The white of his skin, the fine lines that made up his hands, his body, what was his bones. Slender items she wished would touch her and cherish her, caress her- a thing that would never be. Unhurt-ful, vicious, disgusting the growing beast within lying dormant in her belly. Feeding off the vibrating images, a bad replay of a dying record constantly turned on.
 
And always she would think of his eyes. How could it be? A pitch black it would seem at glance, only to be a changing (shifting like he was) grey, like smoke; wispy was it? The colour the colour of his eyes was his best feature his worst feature. For it was only he who could change them into red mirrors, reflecting any emotion she were to send out to him that was not hate. (Hate. Hate. Hate. Her fury was of a different flower than his.) She often wondered what it would be like to hate him. Would he notice her? Really acknowledge her? Let her come close enough to feel at last his bleeding pounding heart in the way she wished. A different tempo than the times of her brief embraces. (something wrong)
 
Those small things, the way when sipping his tea he would sigh and smile (not smile) briefly at the warmth. How later his hands would touch the tattoo on his neck (his eyes held thoughtfulness and no regret), how his fingers rub against each other before he picked up kunai to polish or food to eat, the way one of his eyebrows would quirk up when he was pretending he wasn't listening to anything anyone said. How he seemed irked at the mention of dango, sweet things. Or how he considerably looked at red (the first time on her dress, eyes roaming over her- it taking in the harsh lovely colour and texture).
 
Everything of him. Everything she noticed. It consumed her thoughts, her actions, and desires. (How she would lay in bed at night, pretending her hands were his and taking out false pleasure to try to stifle any form of passion or need that arose from those noted facts)
 
The disease could not kill her.
 
Rather she lived off it.
 
Survived off of it.
 
It was what kept her well. Made her sick. Took her pride, made her kill off her dignity towards only him.
 
Curling around her being like sharp claws, ready to pierce into the body she had been all too willing to give up if she could just be with him.

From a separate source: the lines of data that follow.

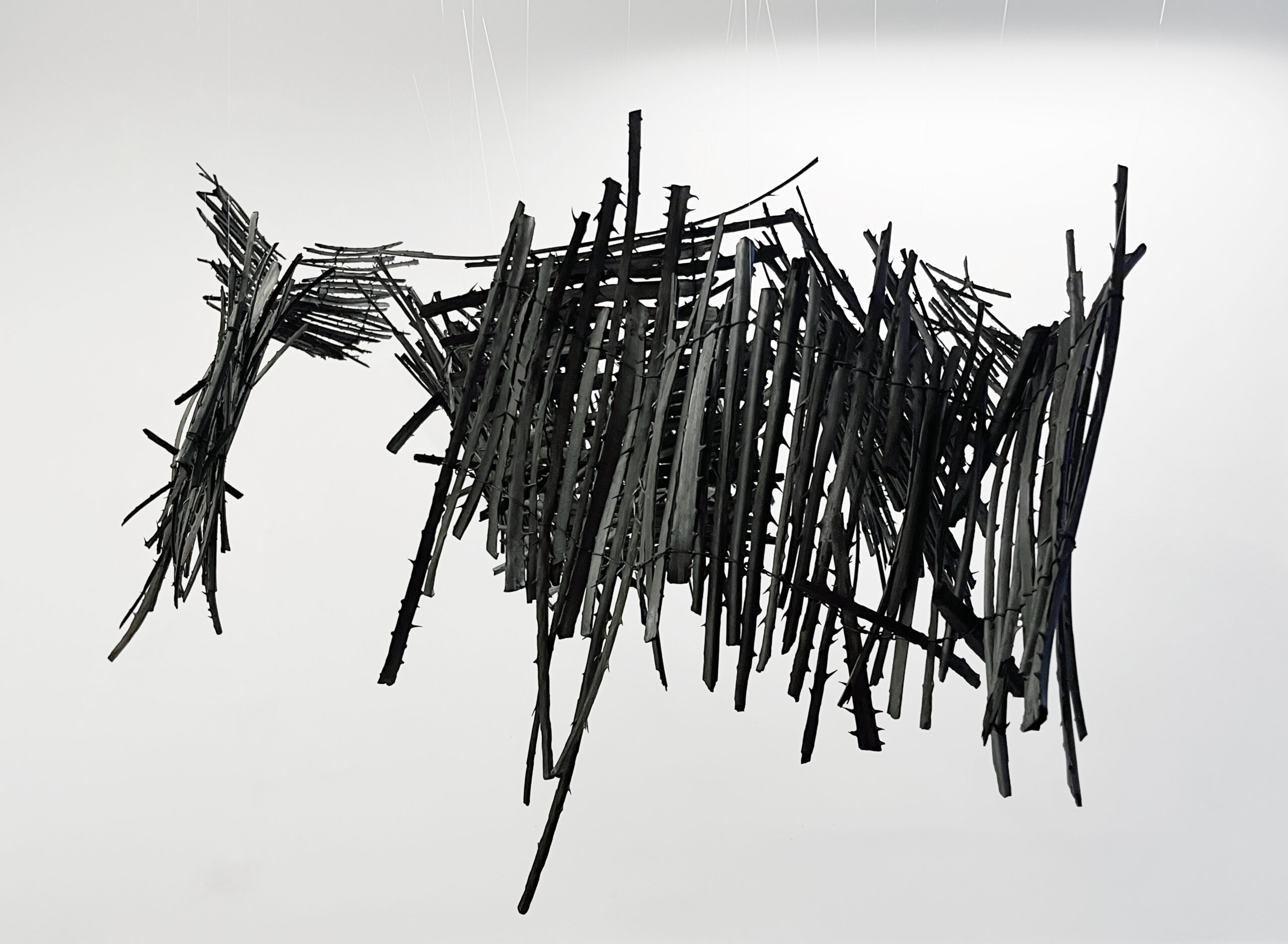 In Silent Geometry, Ulrike Mohr continues her exploration of nature as a drawing of time, material transformation, and ecological temporality. She creates the pieces using a charring process in which the wood serves as both the drawing tool and the sculptural element. In her new works for „Odalisque Berlin: Space for Art and Embodiment,“ the pieces unfold at the intersection of nature’s resistance to order and the delicate geometry revealed by chaos.
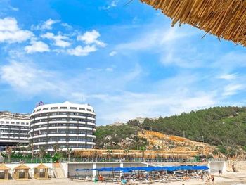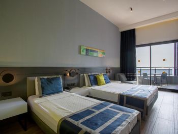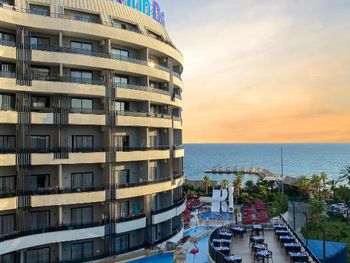 Это турецкие 5 звезд.Ничего общего с общепринятыми 5 звезд не имеет. Экономят на всем.ключ в номер будет один сколько бы человек не проживало. Питание скудное,на обед из мясных блюд только сердце. Ужин посытнее.завтрак многообразием не блещет. На ресепшене не умеют работать,пока не сказал,что мы не туристы а приват,шевелиться не стали. Заселяют отель персонажами из ТАГИЛ РУЛИТ. Везде визг детей,родителям на это по барабану,они шар залили с утра и забыли про своих чад. Поехали только от безнадеги,так наши курорты уже давно обследованы и в основном отдыхали юг Европы и др. В Турцию больше ни ногой. Горничный персонал сокращен,хорошо если раз в 3 дня уберут. По архитектуре отель очень красивый, там бы еще обслуживание европейское, а не такое,что постоянно чувствуешь,что тебя хотят обмануть. Пляж - песок , переходящий в огромные камни.Вообщем минусов больше,чем плюсов.
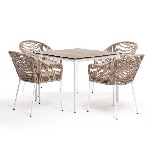 Обеденная группа 4SiS Малага на 4 персоны со стульями Лион, каркас белый, роуп бежевый
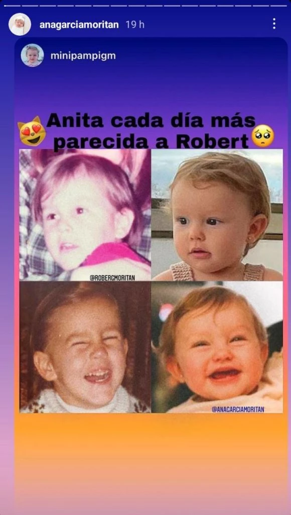 En esta oportunidad, replicó un posteo de una cuenta fan de su hijita donde mostraban el gran parecido entre ella y su padre Moritán. "Anita cada día más parecida a Rober", expresa la publicación que Carolina Ardohain decidió compartirlo en las historias de su red social.
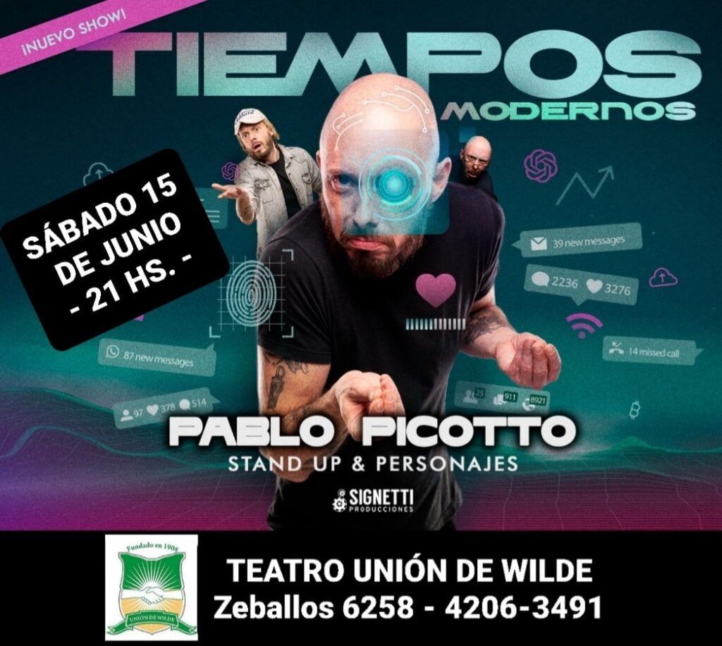PABLO PICOTTO… TIEMPOS MODERNOSStand Up & PersonajesSábado 15 de Junio – 21.00 hs. – Entrada General: $ 10.000Boleteria: De 09.00 a 12.00 hs o de 16.00 a…
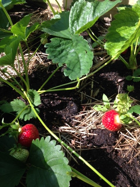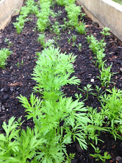 Kurkku viihtyy kasvihuoneessa. Toivottavasti on ollut muitakin pölyttäjiä liikkellä kuin mummu ja esikoinen että saadaan niitä kurkkujakin. Punajuuret ja porkkanat laitettiin kasvamaan hiukan myöhään viimeisenä valmistuneeseen laatikkoon. Porkkanoissa riittää ainakin harvennettavaa...

Him, her sole purpose, her every thing. Her ideal, that boy. Her good year (bad year).
 
That boy. (with his beauty and grace she understood why the snake wanted it. Wanted its possession. She would beat him to it. She saw it first…)
 
She would seek him out. As he had done to that snake. (White snake. Disgusting as the dormant beast. Worse. Not worse. As the sick spreading within her, a fire the boy was only able to make. It rode it flared, that lethal flame throughout her in the very marrow of her bones.)
 
And she would find him. Have him at last. For now/later she would be different. The illness was changing her. Creating a setting for her perfect metamorphous (she would have him even on floor as long as it was he who was flush up against her), in a day a time (that moment she would be able to kiss him at last, have her hands on him and reverse) where every ounce of it should be set in hues of red and white (her mouth on his body, taking him in some blood some cum) and she would be deaf and he would speak (in gasps and moans, he would beg for her, want her, and she would listen only to what she wanted) and it would not be perfect (it would be perfect, he is perfection).
 
And he is her purpose. Her illness. It wouldn't be until he was hers, (was not hers) would she die.
 
But she swore it wouldn't be the illness that killed her.